The permanent magnet of claim 1 wherein the primary phase has an R content of from 6 to 11.76 atom%.
The permanent magnet of claim 1 in the form of a ribbon which is prepared by rapid quenching.
The permanent magnet of claim 1 in the form of powder.
The permanent magnet of claim 9 wherein the powder is obtained by comminuting a ribbon which is prepared by rapid quenching.
The permanent magnet of claim 8 or 10 wherein the ribbon has a thickness of from 30 to 60 µm.
The permanent magnet of claim 9 which is obtained by compacting the powder.

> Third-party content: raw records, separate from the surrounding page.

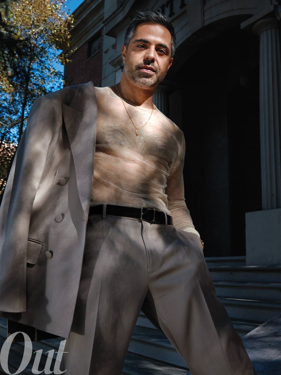 This interview is part of Out's March/April fashion spread, in which out actors Joel Kim Booster, Daniel Kyri, Mark Indelicato, and Satya Bhabha talked TV and modeled menswear on the Universal Studios Lot’s Courthouse Square.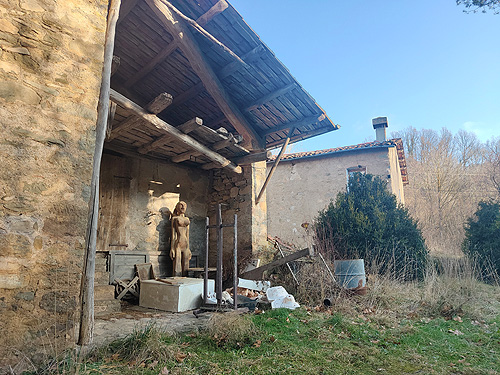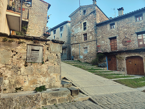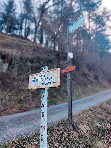 La seguim, passem per una casa en una curva pronunciada i seguim avall fins arribar al punt on s'acabava la carretera i començava la pista cap a la Font de la Tosca, per on hem anat al matí i tirem cap al poble. Agafem el desviament pel que hem sortit al matí a la pista i quan arribem a la casa de les escultures de fusta, NO girem a l'esquerra sinó que seguim cap a la riera de Vallfogona, la travessem per unes pedres i pugem amb força pendent, fins al poble sortint a la zona esportiva. Només cal tornar a on tingueu el cotxe o l'allotjament.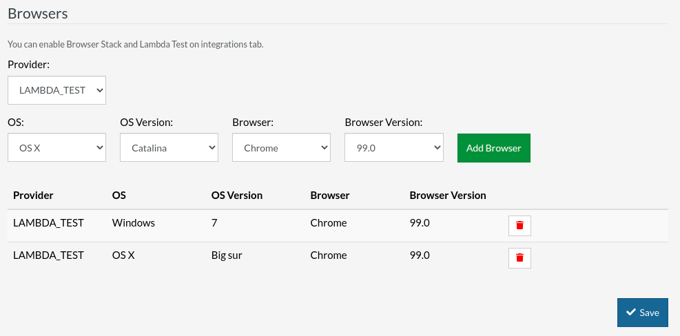 Once integration is enabled, you can configure LambdaTest as provider of our test executions.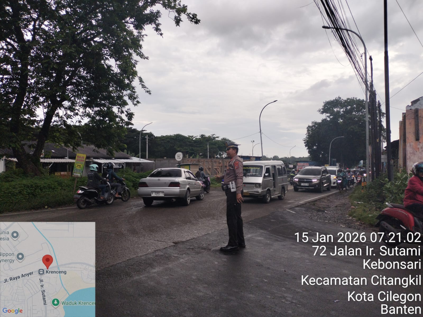 Cilegon – Berikan Pelayanan Kepada Masyarakat Personil Polsek Ciwandan Polres Cilegon Polda Banten melaksanakan pengaturan di titik kepadatan Arus Lalu-lintas Yang Ada Di daerah Hukum Polsek Ciwandan, Kamis (15/01/2026).

The permanent magnet of claim 9 which is obtained by hot plastic processing of the powder.
The permanent magnet of claim 9 which is obtained by mixing the powder with a binder.
The permanent magnet of claim 1 which is obtained by rapid quenching such that the quotient of the volume ratio of auxiliary phase to primary phase, v, divided by the value given by the formula: $[0.1176(100 - z) - x]/x$

may range from 0.15 to 0.95.
The permanent magnet of claim 1 which is obtained by rapid quenching such that the quotient of the volume ratio of auxiliary phase to primary phase, v, divided by the value given by the formula: [0.1176(100 - z) - x]/x may range from 0.2 to 1.2, and then heat treating such that said quotient may range from 0.15 to 0.95.

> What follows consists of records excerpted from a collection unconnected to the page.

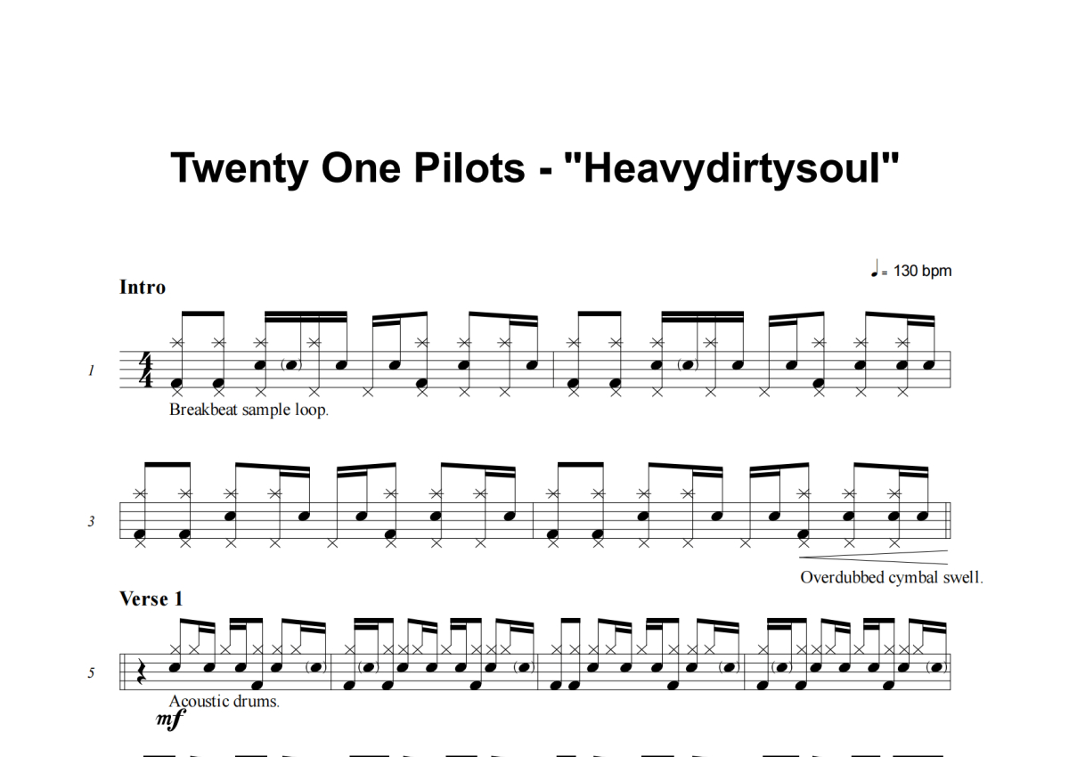 《Heavydirtysoul》是Twenty One Pilots演唱的一首歌曲,这份架子鼓谱共有四张高清图谱,图谱由 @举个例子 编配上传,图谱使用五线谱编配,使用这份Heavydirtysoul架子鼓谱,你将能够轻松地敲打出这首Twenty One Pilots的Heavydirtysoul,快来尝试吧。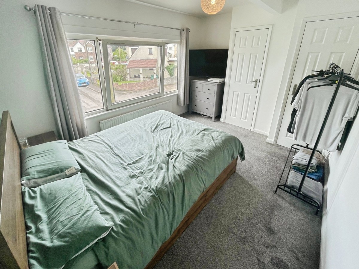 Emulsioned ceiling, pendant light, emulsioned walls, two built in storage cupboard, large PVCu double glazed window overlooking the front of the property, radiator, skirting and fitted carpet.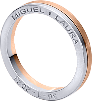ALIANZA MATRIMONIO ORO BICOLOR PULIDA Y MATIZADA CON GRABACION NOMBRES EN LATERAL ANILLO
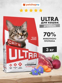 Сухой корм с говядиной для стерилизованных кошек, 3кг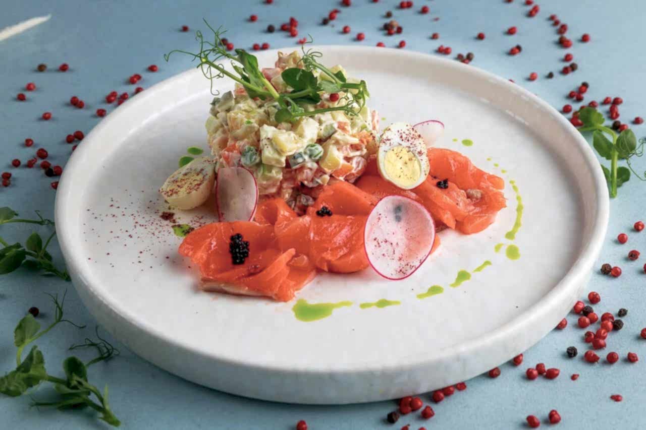 Оливье с лососем, икрой палтуса и подкопченным Pin-Up - это элегантная и изысканная версия классического салата, которая привносит новые вкусовые акценты.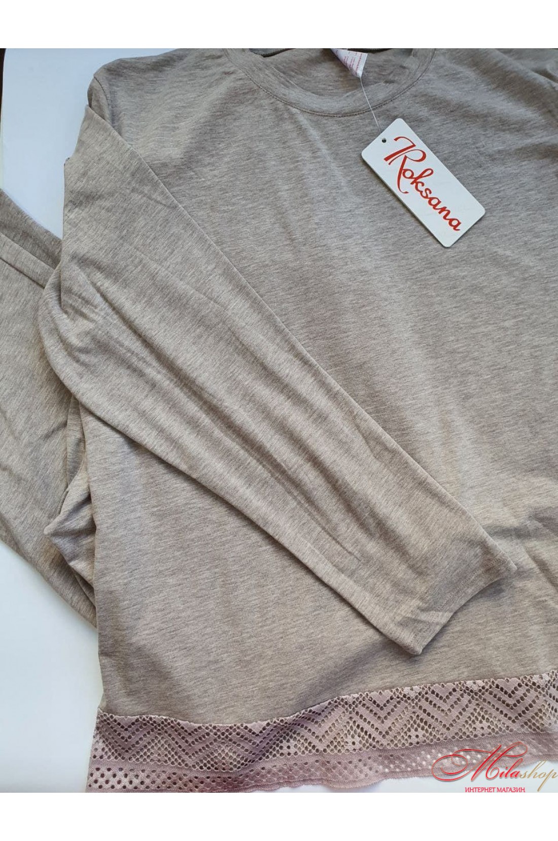 Жіноча піжама виконана з бавовни, капучіно. Джемпер з прикрасою у вигляді мережива внизу виробу. Штани напівприлеглі.

A permanent magnet formed from a magnetically hard material having a composition represented by the formula:

R_xT_(100-x-y-z)B_yM_z

wherein R is at least one member selected from the rare earth elements including Y,
T is Fe or a mixture of Fe and Co,
B is boron,
M is a mixture of at least one member selected from the group consisting of Ti, V, Cr, Zr, Nb, Mo, Hf, Ta and W and at least one member selected from the group consisting of Cu, Ni, Mn and Ag,
5.5 ≦ x < 11.76,
2 ≦ y < 15, and
z ≦ 10, and
consisting of a primary phase of substantially tetragonal grain structure, or a primary phase of substantially tetragonal grain structure and at least one auxiliary phase selected from amorphous and crystalline R-poor auxiliary phases wherein the volume ratio of auxiliary phase to primary phase, v, is smaller than the value given by the formula: $[0.1176(100 - z) - x]/x.$
The permanent magnet of claim 17 which consists of the primary and auxiliary phases wherein the R content of the auxiliary phase is up to 9/10 of that of the primary phase in atomic ratio.
The permanent magnet of claim 17 wherein the primary phase has an R content of from 6 to 11.76 atom%.